Vijay Iyer Trio: Accelerando

Vijay Iyer Trio
Accelerando
ACT Music + Vision
2012-03-13

Jazz piano trios are kind of like the postal service. No one seems impressed by snail-mail anymore, but does it not do its job? Sure, we have modern technological wizardry, but it has almost forced us into forgetting the logistical wonders of dropping a letter in a mailbox and having it appear at someone else’s house in a matter of days. And just like 4G networks, our tastes for modern chamber jazz have prematurely outgrown the appreciation for acoustic instruments to the point where a heavily distorted cello might strike most of us as “cute”. What we need to do is step back and simply ask ourselves whether or not something delivers. Does a certain piano trio, no matter how antiquated the format, deliver the goods? To say that Vijay Iyer is like the postal service would be a disservice to him and his trio. That would shrink their contributions to modern music down to labels such as “sturdy”, “reliable”, and “consistent.” Yawn. No, Vijay Iyer is better than the postal service. With Accelerando, he delivers letters you weren’t expecting but are more than glad to receive.

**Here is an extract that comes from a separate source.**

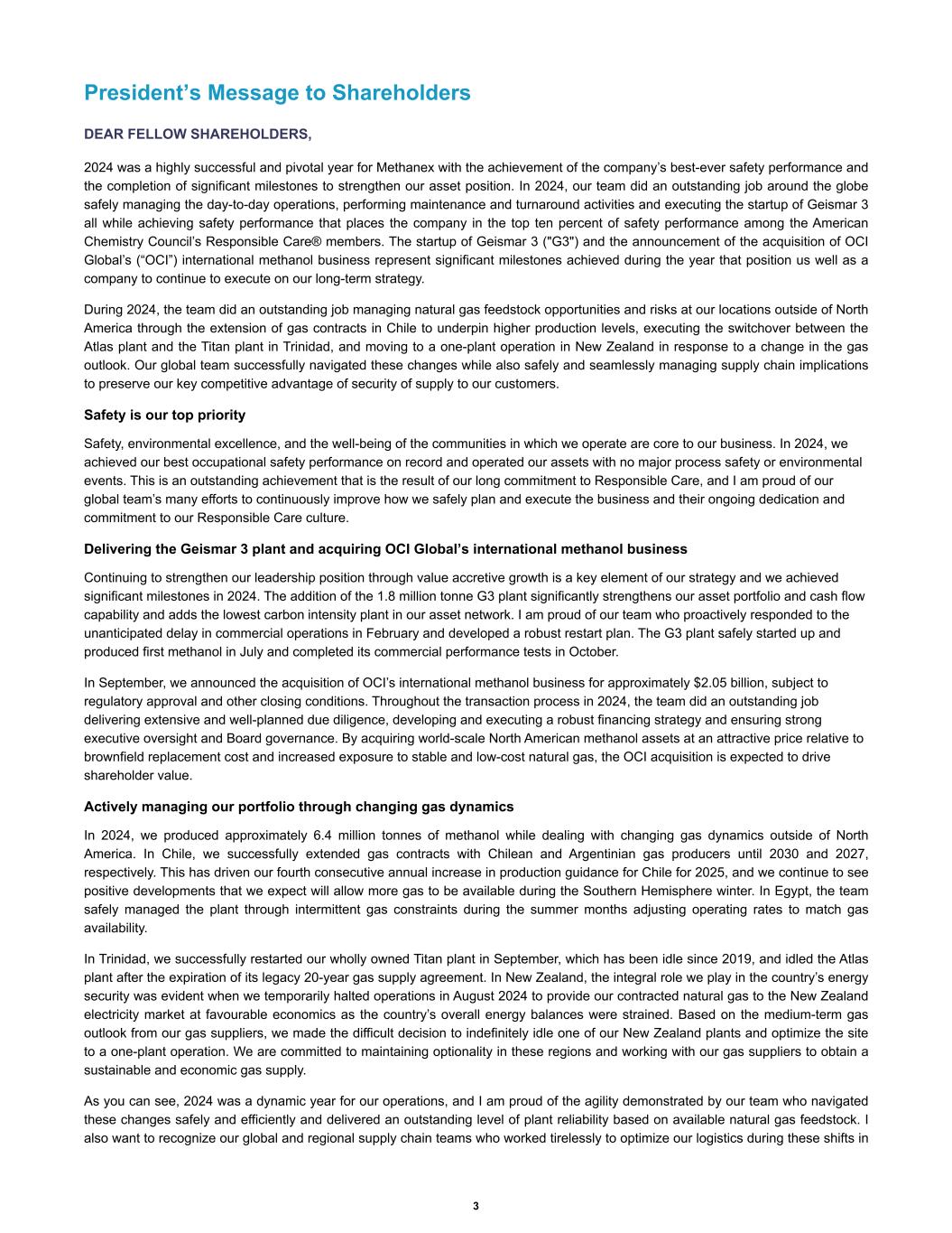 President’s Message to Shareholders DEAR FELLOW SHAREHOLDERS, 2024 was a highly successful and pivotal year for Methanex with the achievement of the company’s best-ever safety performance and the completion of significant milestones to strengthen our asset position. In 2024, our team did an outstanding job around the globe safely managing the day-to-day operations, performing maintenance and turnaround activities and executing the startup of Geismar 3 all while achieving safety performance that places the company in the top ten percent of safety performance among the American Chemistry Council’s Responsible Care® members. The startup of Geismar 3 ("G3") and the announcement of the acquisition of OCI Global’s (“OCI”) international methanol business represent significant milestones achieved during the year that position us well as a company to continue to execute on our long-term strategy. During 2024, the team did an outstanding job managing natural gas feedstock opportunities and risks at our locations outside of North America through the extension of gas contracts in Chile to underpin higher production levels, executing the switchover between the Atlas plant and the Titan plant in Trinidad, and moving to a one-plant operation in New Zealand in response to a change in the gas outlook. Our global team successfully navigated these changes while also safely and seamlessly managing supply chain implications to preserve our key competitive advantage of security of supply to our customers. Safety is our top priority Safety, environmental excellence, and the well-being of the communities in which we operate are core to our business. In 2024, we achieved our best occupational safety performance on record and operated our assets with no major process safety or environmental events. This is an outstanding achievement that is the result of our long commitment to Responsible Care, and I am proud of our global team’s many efforts to continuously improve how we safely plan and execute the business and their ongoing dedication and commitment to our Responsible Care culture. Delivering the Geismar 3 plant and acquiring OCI Global’s international methanol business Continuing to strengthen our leadership position through value accretive growth is a key element of our strategy and we achieved significant milestones in 2024. The addition of the 1.8 million tonne G3 plant significantly strengthens our asset portfolio and cash flow capability and adds the lowest carbon intensity plant in our asset network. I am proud of our team who proactively responded to the unanticipated delay in commercial operations in February and developed a robust restart plan. The G3 plant safely started up and produced first methanol in July and completed its commercial performance tests in October. In September, we announced the acquisition of OCI’s international methanol business for approximately $2.05 billion, subject to regulatory approval and other closing conditions. Throughout the transaction process in 2024, the team did an outstanding job delivering extensive and well-planned due diligence, developing and executing a robust financing strategy and ensuring strong executive oversight and Board governance. By acquiring world-scale North American methanol assets at an attractive price relative to brownfield replacement cost and increased exposure to stable and low-cost natural gas, the OCI acquisition is expected to drive shareholder value. Actively managing our portfolio through changing gas dynamics In 2024, we produced approximately 6.4 million tonnes of methanol while dealing with changing gas dynamics outside of North America. In Chile, we successfully extended gas contracts with Chilean and Argentinian gas producers until 2030 and 2027, respectively. This has driven our fourth consecutive annual increase in production guidance for Chile for 2025, and we continue to see positive developments that we expect will allow more gas to be available during the Southern Hemisphere winter. In Egypt, the team safely managed the plant through intermittent gas constraints during the summer months adjusting operating rates to match gas availability. In Trinidad, we successfully restarted our wholly owned Titan plant in September, which has been idle since 2019, and idled the Atlas plant after the expiration of its legacy 20-year gas supply agreement. In New Zealand, the integral role we play in the country’s energy security was evident when we temporarily halted operations in August 2024 to provide our contracted natural gas to the New Zealand electricity market at favourable economics as the country’s overall energy balances were strained. Based on the medium-term gas outlook from our gas suppliers, we made the difficult decision to indefinitely idle one of our New Zealand plants and optimize the site to a one-plant operation. We are committed to maintaining optionality in these regions and working with our gas suppliers to obtain a sustainable and economic gas supply. As you can see, 2024 was a dynamic year for our operations, and I am proud of the agility demonstrated by our team who navigated these changes safely and efficiently and delivered an outstanding level of plant reliability based on available natural gas feedstock. I also want to recognize our global and regional supply chain teams who worked tirelessly to optimize our logistics during these shifts in 3

As a pianist and composer, Vijay Iyer is enjoying a reputation that was hard won. He’s relatively young (41, as of this typing), of Indian descent, and is currently caught up in a post-bop golden age relished by the NPR-inclined crowd but probably dismissed as modernist pandering by the jazz purists (see his 2003 collaboration with Mike Ladd, In What Language?, for further blasphemy). His unorthodox choice of covers probably ruffles feathers too, ranging from John Lennon to Stevie Wonder. But Iyer has been steaming forth, undeterred, compounding on the critical and commercial successes of 2009’s Historicity, 2010’s Solo and the superb World/jazz mash-up with Prasanna and Nitin Mitta on Tirtha. Accelerando, his latest session with bassist Stephan Crump and drummer Marcus Gilmore, continues to up an ante that’s already way up there to begin with. When someone dishes out an album comprised of original tunes alongside covers of Heatwave, Michael Jackson, Henry Threadgill, Herbie Nichols, and Duke Ellington, your gut reaction may be something along the lines of a very sarcastic “oh, you’re sooo very clever.” Not so with Accelerando. The sum is greater than the parts, and the parts could stand alone for a million years.

Much like one of his covers subjects, Henry Threadgill, Vijay Iyer does not let his band approach jazz music as this unbendable thing that’s at the mercy of chart forms. There is a lot of ducking and weaving going on, and not only on an instrumental level of interplay. The musical forms and figures come and go in an organic stampede, presented in a way that is both artistically unpredictable yet couldn’t have unfolded any other way. Threadgill’s “Little Pocket Size Demons” is a wonderful case in point of how Iyer’s trio kindly ignores jazz rules rather than rudely plundering them.

Vijay Iyer applies the same elasticity to his originals, particularly a modern swing tucked into “Optimism”. Just when you think solo rounds are about to me made, the whole trio solos at once. The quirky yet headstrong title track, which should have been the album’s leadoff track, plays out more like a piece of pop with an introductory synthetic beat and what sounds like a series of power chords on the piano. If there was ever a moment on the album that exhaled “this is what I do”, it’s here.

A holdover from his acclaimed album Solo is “Human Nature”, a cover that Iyer had been toying with since the time of the King of Pop’s death. In this new trio setting, he keeps the breezy waltz feeling intact but allows Gilmore and Crump to take it in whichever way they choose over the course of nearly ten minutes. And though I may catch flack for saying this in light of the passing of the song’s original performer, “Human Nature” is reinvented here. Again.

Put simply, Accelerando is an album filled with highlights. The intensely controlled swing of Heatwave’s “The Star of the Story”, the modest lyricism of “Mmmhmmm”, the vertigo-inducing rolls of “Actions Speak”, the simple beauty of Duke’s “The Village of the Virgins” – it’s all here. There is a reason Vijay Iyer keeps popping up on year-end best-of lists; it’s because he synthesizes such disparate styles, some easily palatable and some requiring more effort, into a striking vision of his own.